Imagine going to a hospital while in labor, only to be told you are lying and then to be sent outside in the street, or being pinched, slapped and rough-handled by medical staff while in labor – in South Africa these awful incidents, and many others are an everyday reality, according to a new report issued by Human Rights Watch.

The 66-page report, titled “‘Stop Making Excuses’: Accountability for Maternal Health Care in South Africa,” revealed that while maternal mortality rates throughout Africa are falling, in South Africa they rose from 150 deaths per 100,000 births in 1998 to 625 in 2007.

The authors wrote that South Africa’s goal of reducing its high maternal death rate by 75% between 1998 and 2015 will not occur if the current lack of oversight and accountability for recurrent problems in the health system and abuses carried out by medical staff are allowed to continue.

The report lists some shocking failures in maternity care that include abuse of pregnant mothers by health staff and very low standards of care in Eastern Cape Province, where women and their babies have a high risk of injury and death.

Several areas of the country experience similar problems to Eastern Cape Province, including negative attitudes by staff, inefficient management and financial administration, no accountability for system failures, and poor quality care. Agnes Odhiambo, Africa women’s rights researcher at Human Rights Watch, said:

“The government admits that it has a big problem on its hands and wants to do better. But for all South Africa’s good intentions, policies and strategies on paper won’t save women’s lives without strong accountability systems to make sure policies are carried out.”

According to the United Nations, approximately 4,500 women die annually in South Africa due to treatable and preventable pregnancy and childbirth related causes. South Africa should and can reverse this trend, the authors wrote.

The report is the result of extensive field research carried out between August 2010 and April 2011 with pregnant women, their families, health experts, human rights experts, health workers, caregivers, public officials, and various international agencies.

The report gives a typical example – an HIV-positive woman delivered her baby at home and nearly died from complications. The woman had said:

“My uncle advised me to call the ambulance when labor started but I did not want to go to the hospital. I was scared of how I would be treated. I hear the nurses are very rude and they are too rough. After giving birth I developed serious problems. I was bleeding too much and I couldn’t breathe properly. Luckily the HIV treatment center took me to hospital, and eventually I got treated.”
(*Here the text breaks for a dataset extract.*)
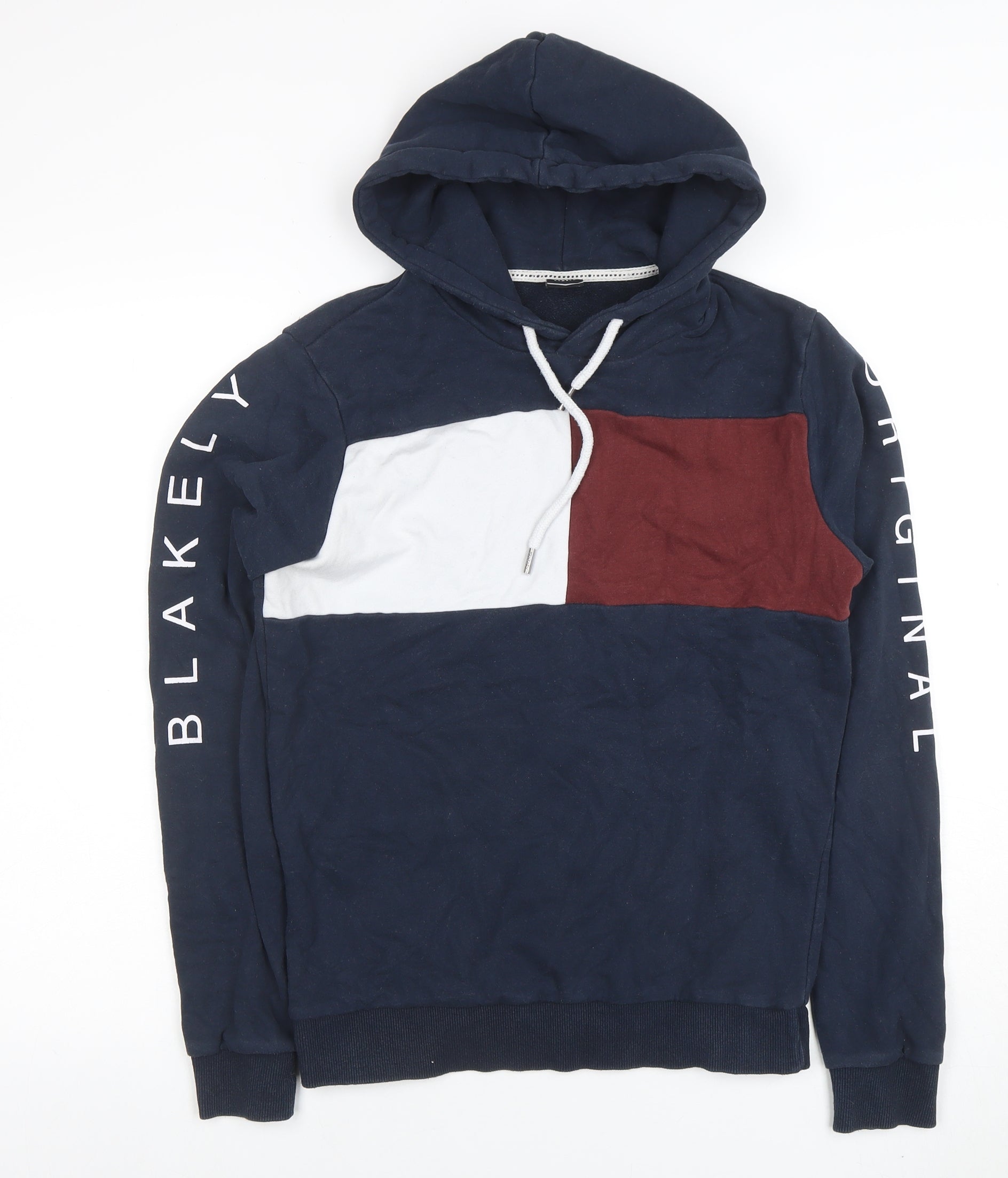 This Blakely Original men’s hoodie combines casual comfort with a timeless style, making it a wardrobe essential for everyday wear. Made from soft and breathable 100% cotton jersey, this pullover hoodie offers a cosy yet lightweight feel suitable for year-round comfort. The navy blue colourway is complemented by a striking colour-blocked front in shades of white and maroon, giving the piece a distinctive and modern appeal. Its classic drawstring hood and ribbed hem and cuffs provide a secure and comfortable fit, perfect for layering or wearing solo. Designed with a relaxed regular fit, this hoodie adds effortless cool to any casual outfit, from lounging at home to heading out for an off-duty day. The Blakely branding runs boldly down the sleeves in white, giving it a graphic, sporty edge that enhances its streetwear vibe. Functional details, like its non-zip pullover style and ribbed trim, maintain a clean silhouette that works perfectly with jeans, joggers, or shorts. With its quality construction and on-trend logo detailing, this piece delivers both style and practicality. Ideal for men who appreciate versatile athleisure wear, the Blakely hoodie suits cooler autumn evenings, mild spring days, and layered winter outfits. The cotton fabric ensures lasting comfort and breathability, while the premium build reflects Blakely’s dedication to stylish everyday apparel. In very good pre-owned condition with only minimal signs of wear, this hoodie promises many more seasons of fashionable and comfortable wear. A must-have piece for those who like their casual wear simple, bold, and unmistakably modern.
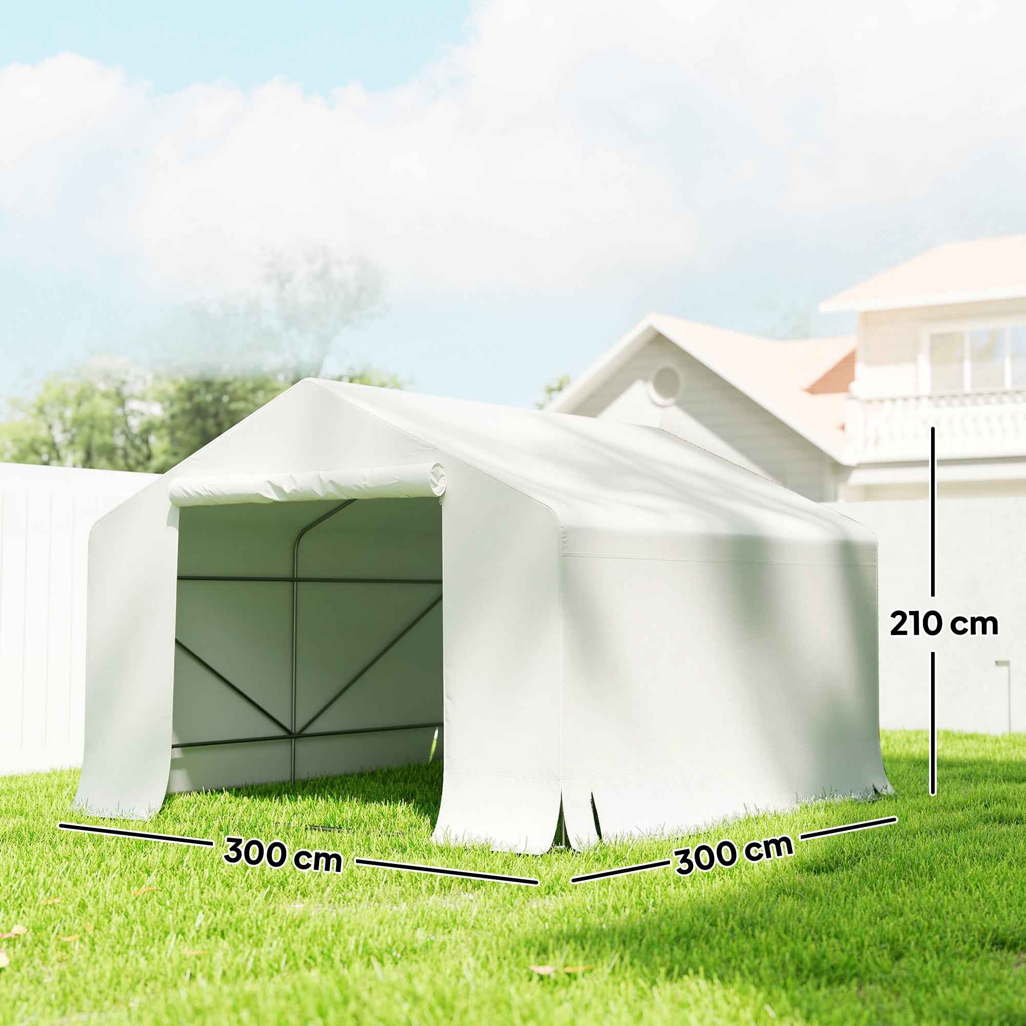 Outsunny 3x3m Waterproof Garden Shed and Garage Tent with Roll-Up Door, Metal and PE, White

Human Rights Watch personnel interviewed a large number of women, below are some of the highlighted details from those interviews:

  • Women experience verbal and physical abuse. HIV-positive women are commonly taunted by nurses about enjoying sex and blaming them for getting pregnant if they knew about their HIV-status. Many were told they should receive no care because they were migrants. Being shouted at for “messing up” when they bled on the bed during labor, they were ordered to clean it up.
  • They were pinched, slapped, and handled roughly during labor.
  • Nurses continuously ignored calls for help.
  • Serious treatment delays.
  • Facilities denied referral letters for pregnancy or childbirth related problems.
  • After delivery, the mother and baby are left unattended for very long periods.
  • Women are discharged inappropriately.
  • Women sent home with no antibiotics or pain medication.
  • Women in labor women were refused admission, they were not even examined.
  • Women sent home after Cesarean section with no medications, painkillers, antibiotics, etc.
  • One witness described a woman who had life-threatening obstructed labor. She was refused entry into a community health center two times. Fortunately, she eventually had a C-section when another hospital accepted her.
  • Migrants commonly undergo C-sections without informed consent.
  • Staff asking for bribes and gifts.
  • Families never told why the pregnant mother or newborn died during childbirth.

Odhiambo said:

“These abusive practices are a particular concern in South Africa, where almost 87% of deliveries are in health facilities.”

Not only does ill-treatment cause unnecessary suffering and poor maternal health outcomes, it also puts women off using health services, which in turn worsens maternal mortality.

Human Rights Watch urges the South African government and its local health authorities to do more to strengthen its health system.

Complaints procedures in many parts of the country do not function properly, the authors added. There is very poor oversight or accountability for abusive staff and system failures.

Maternity patients appear to know little about their rights or how to lodge complaints – something they hesitate to do anyway, for fear of retaliation. Others said there was no point in complaining because they would fall on deaf ears.

Health centers commonly do not respond to complaints anyway, the authors found. Some medical staff complain that their conditions are so difficult that dealing with complaints is impossible.

Odhiambo said:

“The point of the complaint system is to show that South Africa cares enough about women’s lives to fix the problems. When accountability and oversight mechanisms don’t function, South Africa is ignoring the insights of the people who know best what’s wrong with maternal health care: the maternity patients themselves.”